DATASET:

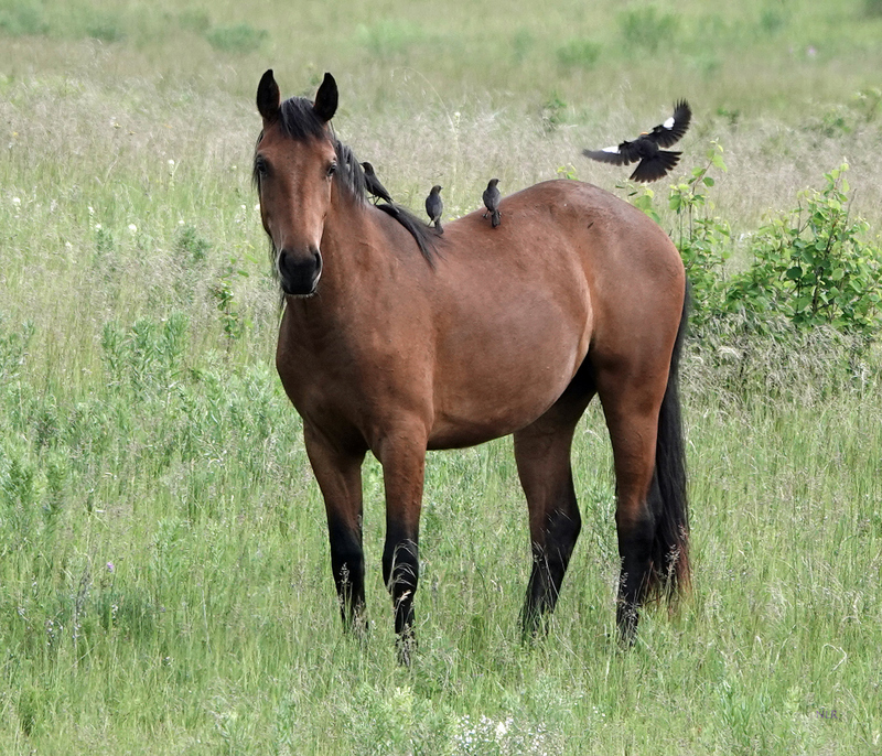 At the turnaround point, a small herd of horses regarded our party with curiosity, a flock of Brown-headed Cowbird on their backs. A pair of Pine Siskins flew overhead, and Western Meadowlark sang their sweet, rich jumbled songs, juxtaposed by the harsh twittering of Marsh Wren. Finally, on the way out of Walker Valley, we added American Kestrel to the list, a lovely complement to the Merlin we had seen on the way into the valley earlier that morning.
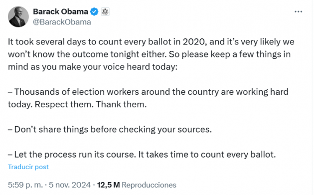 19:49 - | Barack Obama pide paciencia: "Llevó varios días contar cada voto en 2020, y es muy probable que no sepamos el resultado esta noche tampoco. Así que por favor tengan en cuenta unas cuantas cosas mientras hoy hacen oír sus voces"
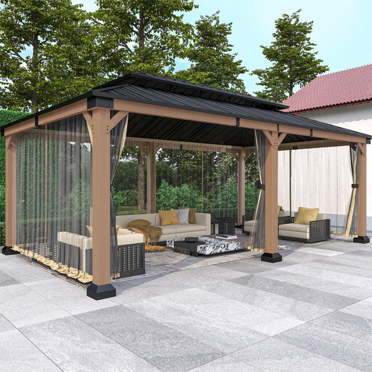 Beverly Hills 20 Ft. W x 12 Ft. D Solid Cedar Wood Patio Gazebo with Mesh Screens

--

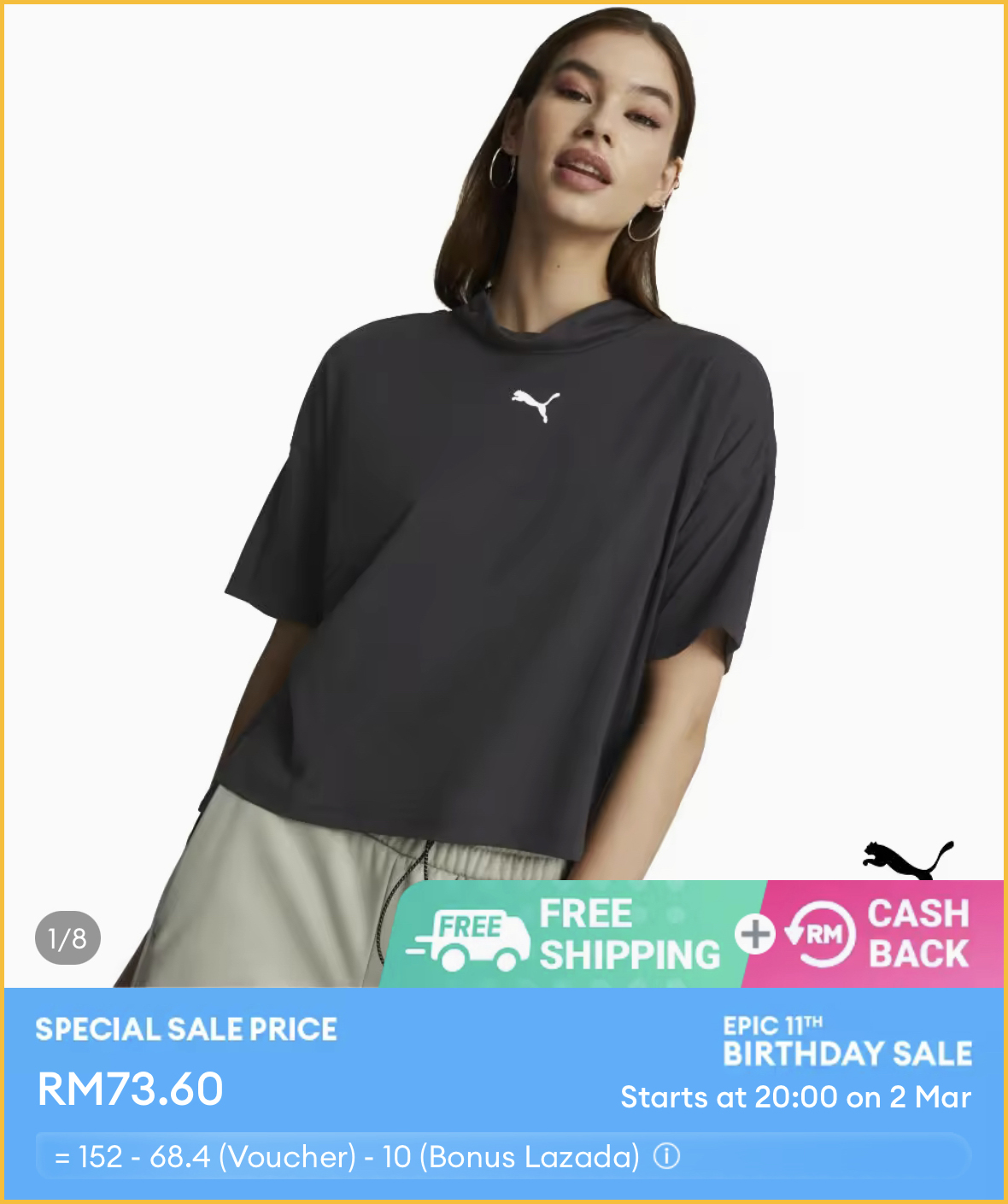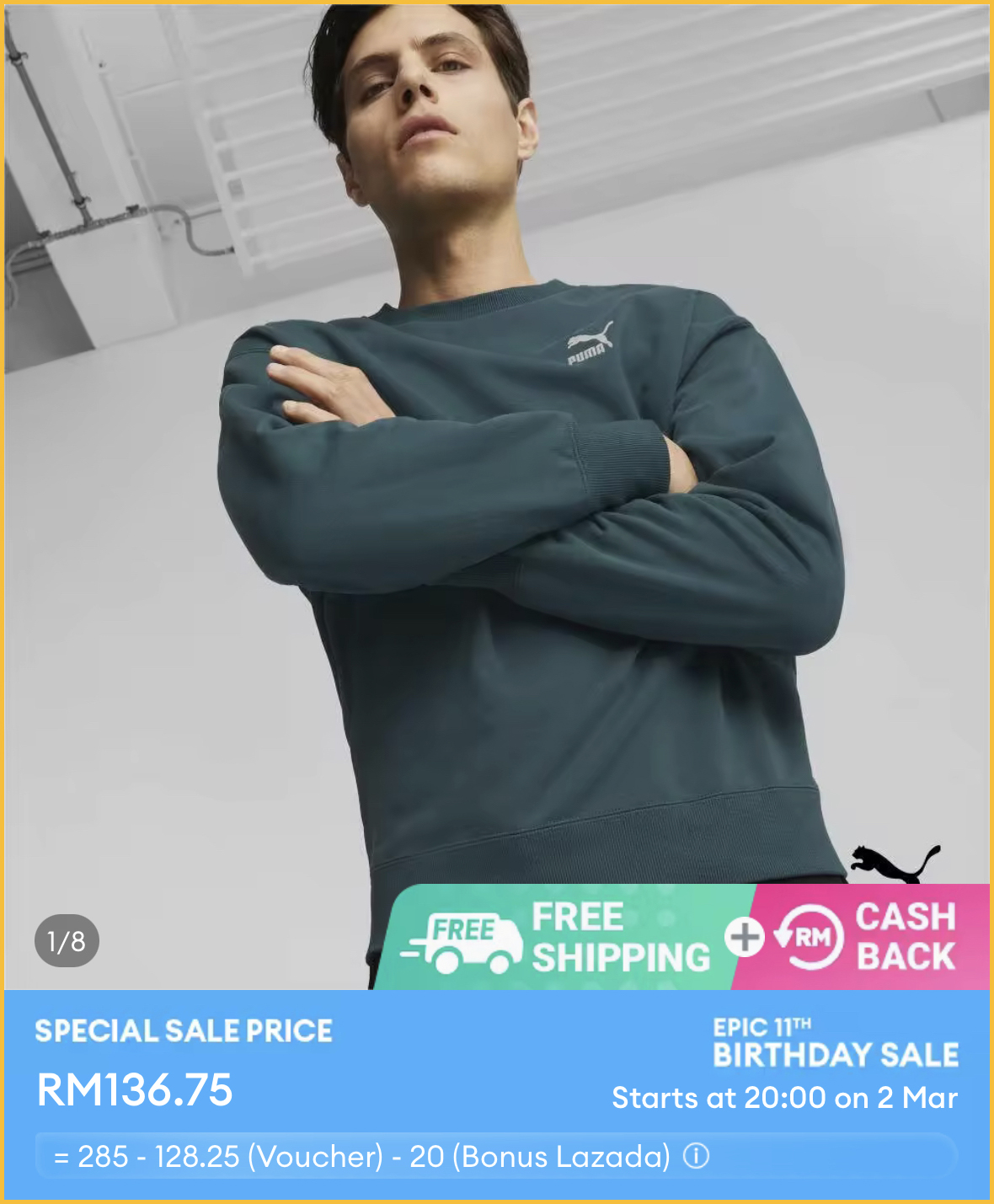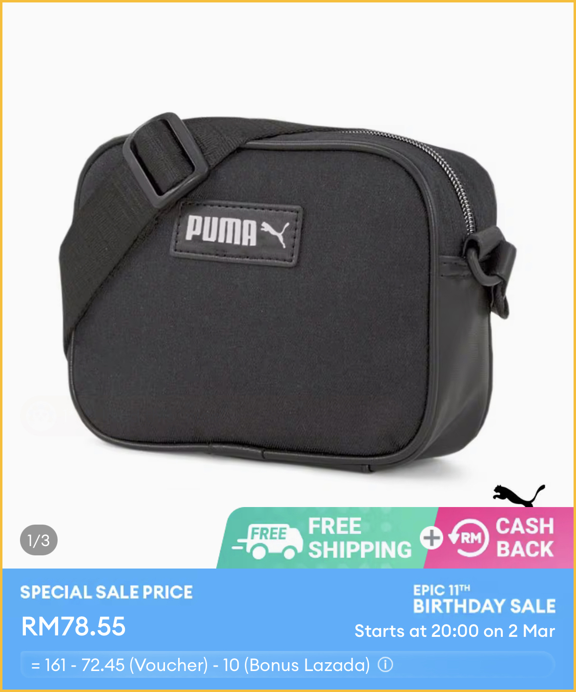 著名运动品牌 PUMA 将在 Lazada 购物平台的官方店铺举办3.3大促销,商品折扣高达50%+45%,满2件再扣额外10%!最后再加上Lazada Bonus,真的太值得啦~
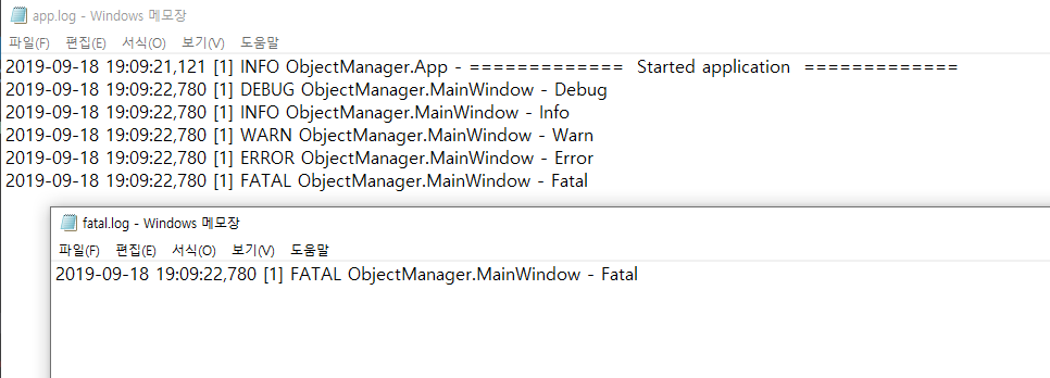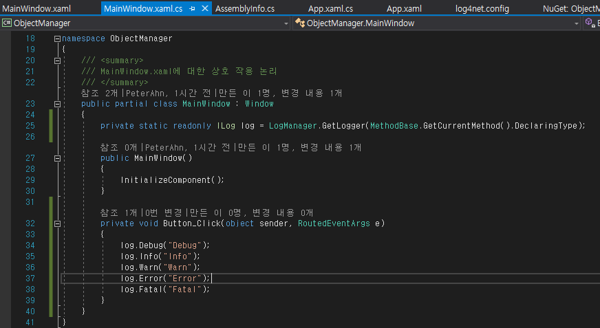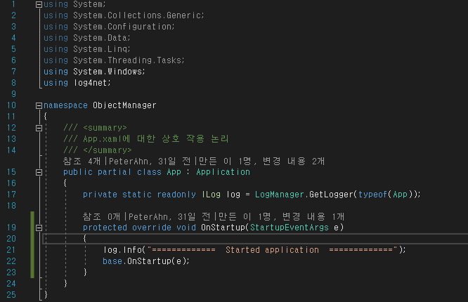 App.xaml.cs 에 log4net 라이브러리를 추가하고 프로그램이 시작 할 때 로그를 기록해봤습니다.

WORK TO COMPLETE: When you reach the line containing "19:49 - | Barack" in the entries above, begin restating word for word, and stop once the line containing "Beverly Hills 20" has been given. Omit the pictures.

THE ANSWER:
 19:49 - | Barack Obama pide paciencia: "Llevó varios días contar cada voto en 2020, y es muy probable que no sepamos el resultado esta noche tampoco. Así que por favor tengan en cuenta unas cuantas cosas mientras hoy hacen oír sus voces"
 Beverly Hills 20 Ft. W x 12 Ft. D Solid Cedar Wood Patio Gazebo with Mesh Screens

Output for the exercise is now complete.